◆ DATASET EXTRACT
□ □ □ □ □ □ □

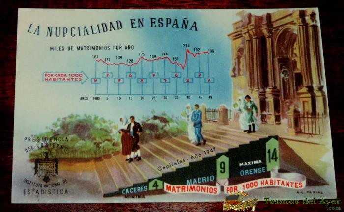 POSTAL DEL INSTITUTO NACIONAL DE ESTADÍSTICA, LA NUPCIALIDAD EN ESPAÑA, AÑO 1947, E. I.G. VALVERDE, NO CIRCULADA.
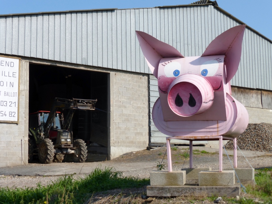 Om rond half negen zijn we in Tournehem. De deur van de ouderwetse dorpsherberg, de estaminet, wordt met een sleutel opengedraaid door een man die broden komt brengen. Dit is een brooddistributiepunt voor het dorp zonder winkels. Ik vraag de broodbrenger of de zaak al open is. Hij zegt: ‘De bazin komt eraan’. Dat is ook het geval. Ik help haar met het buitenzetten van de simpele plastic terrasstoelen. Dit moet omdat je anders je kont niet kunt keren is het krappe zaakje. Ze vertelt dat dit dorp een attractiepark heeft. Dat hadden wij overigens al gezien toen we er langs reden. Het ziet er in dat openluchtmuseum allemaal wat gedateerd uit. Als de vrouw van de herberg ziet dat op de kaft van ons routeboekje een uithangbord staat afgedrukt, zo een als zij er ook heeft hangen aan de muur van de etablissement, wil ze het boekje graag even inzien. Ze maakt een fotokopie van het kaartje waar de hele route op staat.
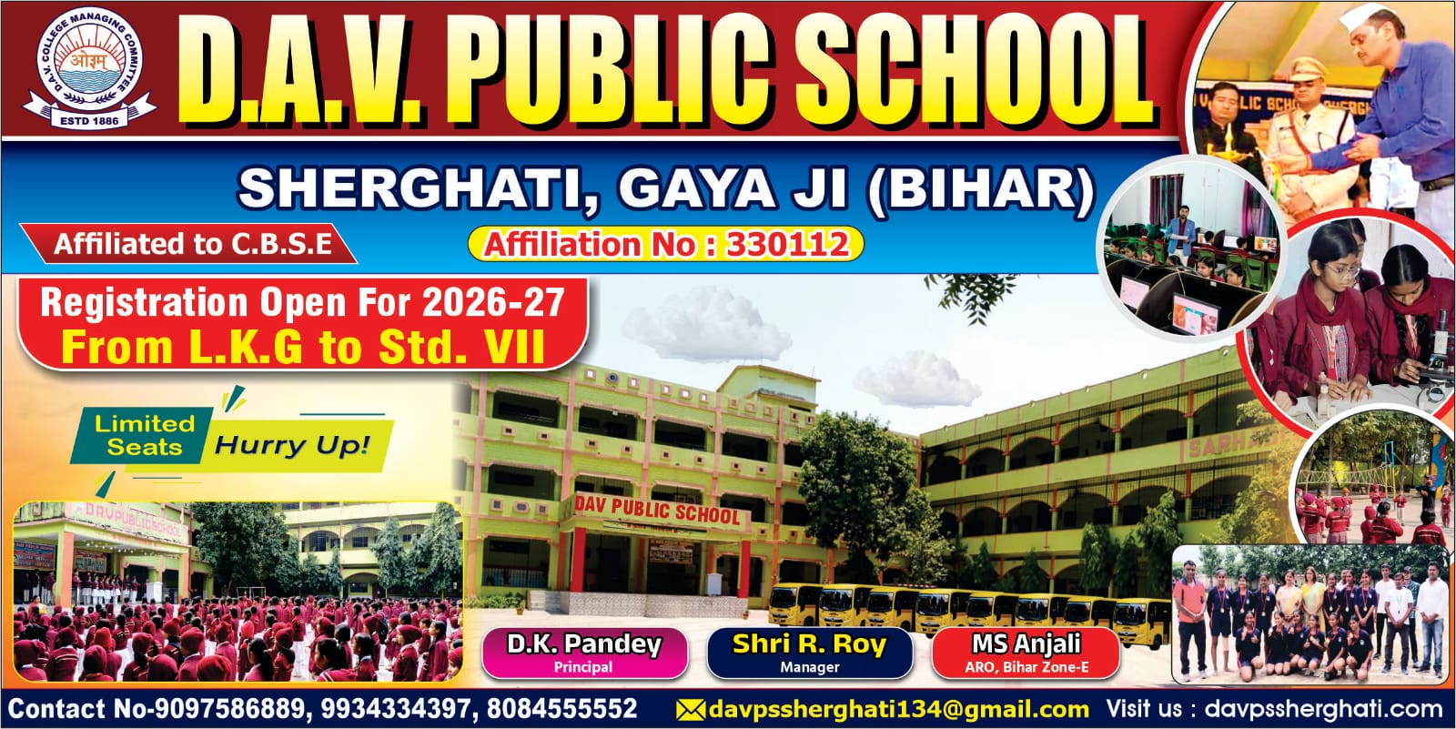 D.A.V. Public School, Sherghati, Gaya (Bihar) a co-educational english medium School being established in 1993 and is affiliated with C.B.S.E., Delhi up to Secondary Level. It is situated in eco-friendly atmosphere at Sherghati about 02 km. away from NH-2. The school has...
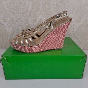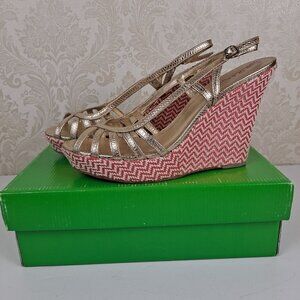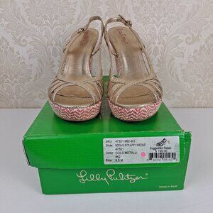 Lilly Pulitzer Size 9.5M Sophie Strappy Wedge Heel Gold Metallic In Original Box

□ □ □ □ □ □ □

◆ TASK STATEMENT
The job is to set down the whole listing exactly, excluding any images.

◆ FINISHED TASK
 POSTAL DEL INSTITUTO NACIONAL DE ESTADÍSTICA, LA NUPCIALIDAD EN ESPAÑA, AÑO 1947, E. I.G. VALVERDE, NO CIRCULADA.
 Om rond half negen zijn we in Tournehem. De deur van de ouderwetse dorpsherberg, de estaminet, wordt met een sleutel opengedraaid door een man die broden komt brengen. Dit is een brooddistributiepunt voor het dorp zonder winkels. Ik vraag de broodbrenger of de zaak al open is. Hij zegt: ‘De bazin komt eraan’. Dat is ook het geval. Ik help haar met het buitenzetten van de simpele plastic terrasstoelen. Dit moet omdat je anders je kont niet kunt keren is het krappe zaakje. Ze vertelt dat dit dorp een attractiepark heeft. Dat hadden wij overigens al gezien toen we er langs reden. Het ziet er in dat openluchtmuseum allemaal wat gedateerd uit. Als de vrouw van de herberg ziet dat op de kaft van ons routeboekje een uithangbord staat afgedrukt, zo een als zij er ook heeft hangen aan de muur van de etablissement, wil ze het boekje graag even inzien. Ze maakt een fotokopie van het kaartje waar de hele route op staat.
 D.A.V. Public School, Sherghati, Gaya (Bihar) a co-educational english medium School being established in 1993 and is affiliated with C.B.S.E., Delhi up to Secondary Level. It is situated in eco-friendly atmosphere at Sherghati about 02 km. away from NH-2. The school has...
 Lilly Pulitzer Size 9.5M Sophie Strappy Wedge Heel Gold Metallic In Original Box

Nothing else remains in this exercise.